2017, et une capacité totale de travail dans toute activité depuis le 15

juillet 2017, l’expert n’évoque aucune modification de l’état de santé du

recourant survenue depuis le 10 juillet 2023, se limitant plutôt à apprécier

différemment un état de fait vraisemblablement inchangé depuis de nombreuses

années, ce qui n’appelle pas une révision au sens de l’article 17 al. 1 LPGA

(cf. arrêt du TF 19.08.2025 [8C_99/2025] cons. 4.2). Cette absence d’évolution

de l’état de santé ressort aussi des prises de position du Dr B.________, qui

affirme que la schizophrénie est stabilisée sous traitement (rapport du

24.06.2024), et du Dr D.________, qui mentionne que le recourant ne présente

plus de symptômes psychotiques depuis l’introduction d’un suivi régulier et

d’un traitement antipsychotique (rapport du 15.04.2025), lequel date de 2021.

Quant au rapport du 9 juillet 2017 du service des urgences de l’Hôpital de Z.________,

il n’apporte rien de particulier si ce n’est qu’un diagnostic d’épisode

psychotique aigu (avec un diagnostic différentiel de schizophrénie) avait été

posé en son temps.

Dès lors que les différents intervenants

constatent de manière unanime que l’état de santé du recourant ne s’est pas

modifié depuis le 10 juillet 2023, la question de la valeur probante du rapport

d’expertise soulevée par le recourant –

qui se prévaut tant de griefs formels que matériels – peut demeurer indécise.

8.

En l’absence de

toute modification de l’état de santé du recourant depuis le 10 juillet 2023 et

à défaut pour l’OAI d’avoir instruit la situation conformément à l’arrêt de

renvoi, il y a lieu de lui renvoyer à nouveau la cause pour instruction . Il

lui appartiendra ainsi de déterminer si les activités correspondant à la

formation universitaire du recourant étaient encore exigibles de sa part depuis

le 1er septembre 2020, afin de tenir compte du délai de carence d’un

an, compte tenu du dépôt de la demande de prestations en mars 2021 et

conformément à l’article 28 al. 1 let. c LAI, et à quel pourcentage. Il lui

incombera ensuite d’arrêter son degré d’invalidité en appliquant la méthode

d’évaluation idoine (méthode de comparaison en pour-cent ou méthode de

comparaison des revenus avec et sans invalidité) en fonction du résultat de

l’instruction.

9.

a) Le recours,

finalement bien-fondé, doit être admis et la décision attaquée annulée.

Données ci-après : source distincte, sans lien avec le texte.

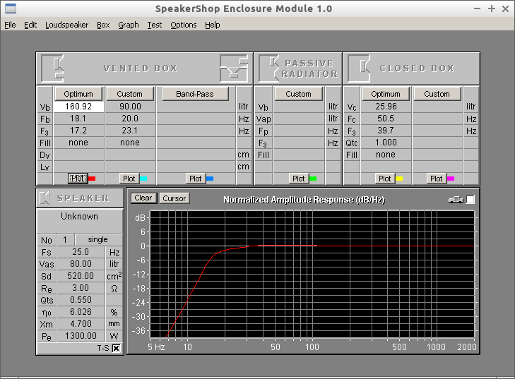 Далее, вбил параметры в JBL Speaker Shop. Тот выплюнул ящик с ФИ аж с объемом 160 литров и частотой настройки 18.1Гц. Можно ли этому верить? Настройка ФИ ниже Fs динамика - как-то странно выходит.Не будет ли звук при таком объеме расхлябанный или это действительно в самый раз?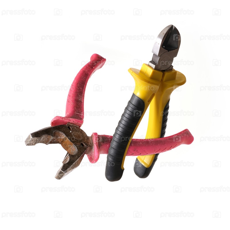 Изолированные ручные инструменты для ремонта и монтажа: старые плоскогубцы (композиция на белом фоне)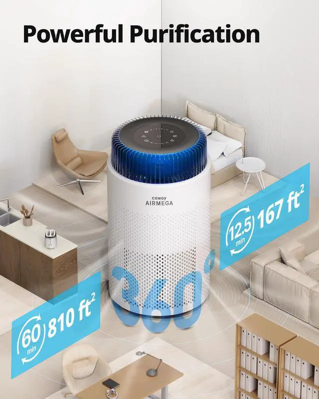 Air Purifiers for Home up to 810 ft², HEPA Filter and Carbon Filter for Smoke, Allergies, Pet Dander, Odor, AQI Monitor, Auto Mode, Timer, Filter Indicator, Night Light, 3yr Warranty, 100 White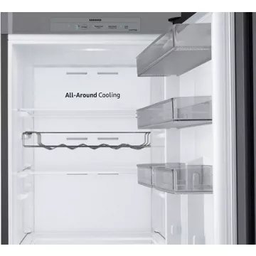 garantit une température homogène et prévient la formation de givre, tandis que le compresseur Digital Inverter assure des performances énergétiques de classe E, une consommation maîtrisée de 120 kWh/an et un fonctionnement silencieux à seulement 39 dB(A). Le réfrigérateur SAMSUNG RR39C76K3AP est l’allié idéal pour une conservation parfaite et une gestion énergétique optimisée.
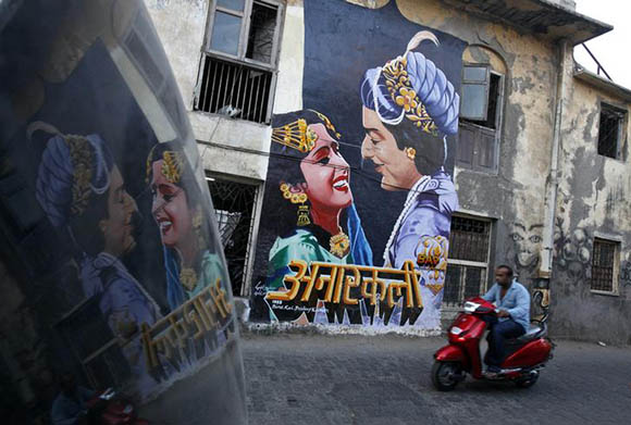 A man rides a motorbike past a mural of the classic Bollywood movie «Anarkali» on the wall of a building in Mumbai, india. Reuters Archive.

b) Vu l’issue du litige, des frais de procédure, par 660 francs,

doivent être mis à la charge de l’intimé (art. 61 let. fbis LPGA en

relation avec l’art. 69 al. 1bis LAI).

Le recourant a en outre droit à des dépens (art. 61 let. g LPGA) dont

le montant est défini dans les limites prévues par la loi du 6 novembre 2019

fixant le tarif des frais, des émoluments de chancellerie et des dépens en

matière civile, pénale et administrative (LTFrais). À défaut d’un état des

honoraires et des frais produit par le mandataire, les dépens seront fixés sur

la base du dossier (art. 64 al. 1 et 2 LTFrais par renvoi de l’art. 67

LTFrais). Tout bien considéré, l'activité déployée par celui-ci peut être

évaluée à un total de 8 heures au vu de la difficulté de l’affaire. Eu égard au

tarif appliqué par la Cour de céans de l'ordre de 300 francs de l'heure (CHF 2’400),

des débours à raison de 10 % des honoraires (art. 63 LTFrais par renvoi de

l’art. 67 LTFrais ; CHF 240) et de la TVA au taux de 8,1 % (CHF 213.85),

l'indemnité de dépens sera fixée à 2'853.85 francs.

c) Au vu de ce qui précède, la question de

l’assistance judiciaire devient sans objet.

Dispositif

Par ces motifs,

la Cour de droit public

1. Admet le recours.

2. Annule la décision du 11 décembre 2024 et renvoie la cause à l’intimé

pour instruction complémentaire et nouvelle décision au sens des considérants.

3. Met à la charge de l’OAI les frais de la présente procédure par 660

francs.

4. Alloue au recourant une indemnité de dépens de 2'853.85 francs à la

charge de l’intimé.

5. Déclare sans objet la requête d’assistance judiciaire du recourant.